Terör örgütlerinin medyayı kullanarak halk nezdinde ilgi, tanınma ve meşruiyet araması yeni bir şey değil. Bu konuda çok sayıda araştırma da var.
Geleneksel ve dijital medya kuruluşları, halkın ilgisini çeken konularda geri kalmamaya çalışırken pek çok zaman istemeden de olsa İD’in milyonlara ulaşmasını sağlayan bir çarpan işlevi görüyor.
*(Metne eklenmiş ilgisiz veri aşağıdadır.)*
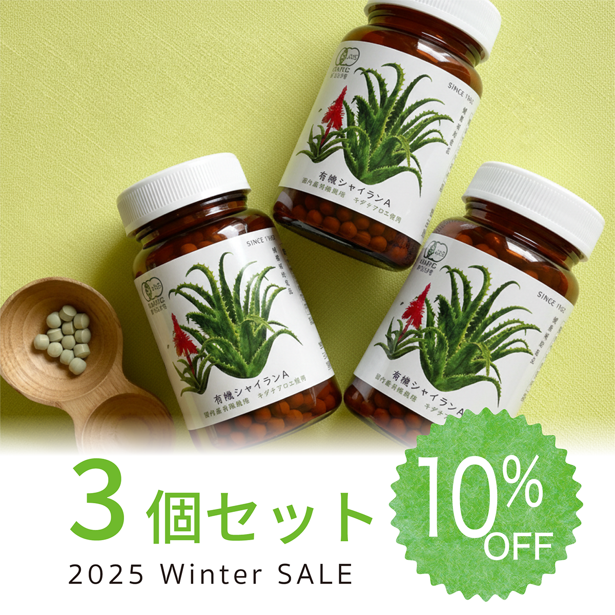 アロエの葉皮には、強い苦味の特有成分、「アロイン」や「アロエニン」が含まれています。 キダチアロエの健康食品は、葉皮ごと加工するため、その特有成分を余すことなく身体に取り入れることができます。その働きにより、スッキリ、スムーズな生活をサポートします。苦味が苦手と言う方には、粒にすることで飲みやすくした、『有機シャイランA』がおすすめです。

Arap medyası gibi Kürtçe yayım yapan birçok haber kuruluşu da İD’in propagandasına istemeden hizmet ediyor. Irak Kürdistanı’nda 2013’ten beri faaliyet gösteren ve Kürdistan Bölgesel Yönetimi Başbakanı Neçirvan Barzani’nin finanse ettiği büyük bir medya kuruluşu olan Rudaw, aylarca İD’in propaganda malzemelerini olduğu gibi yayımladı.
Uçağı düşürülen Ürdünlü pilot Muaz El Kasabe’yi diri diri yakan İD, bu korkunç infazın videosunu şubat 2015’te yayımladığında Rudaw hem televizyon kanalında hem web sitesinde videodan son derece ayrıntılı bölümler yayımladı. Daha sonra web sitesindeki bir görüntüyü kaldırdı. Rudaw dijital yayınlar editörü Hemin Lihony, pilotun yakılma görüntülerini niçin verdiklerini açıklarken Kürt halkına İD’in gerçek yüzünü göstermek istediklerini belirtti.
Ekim 2015’te İD’e ilişkin editoryal politikasını gözden geçiren Rudaw, izleyiciyi rahatsız edecek ve ağır propaganda niteliğindeki içerilikleri olduğu gibi yayımlamama kararı aldı.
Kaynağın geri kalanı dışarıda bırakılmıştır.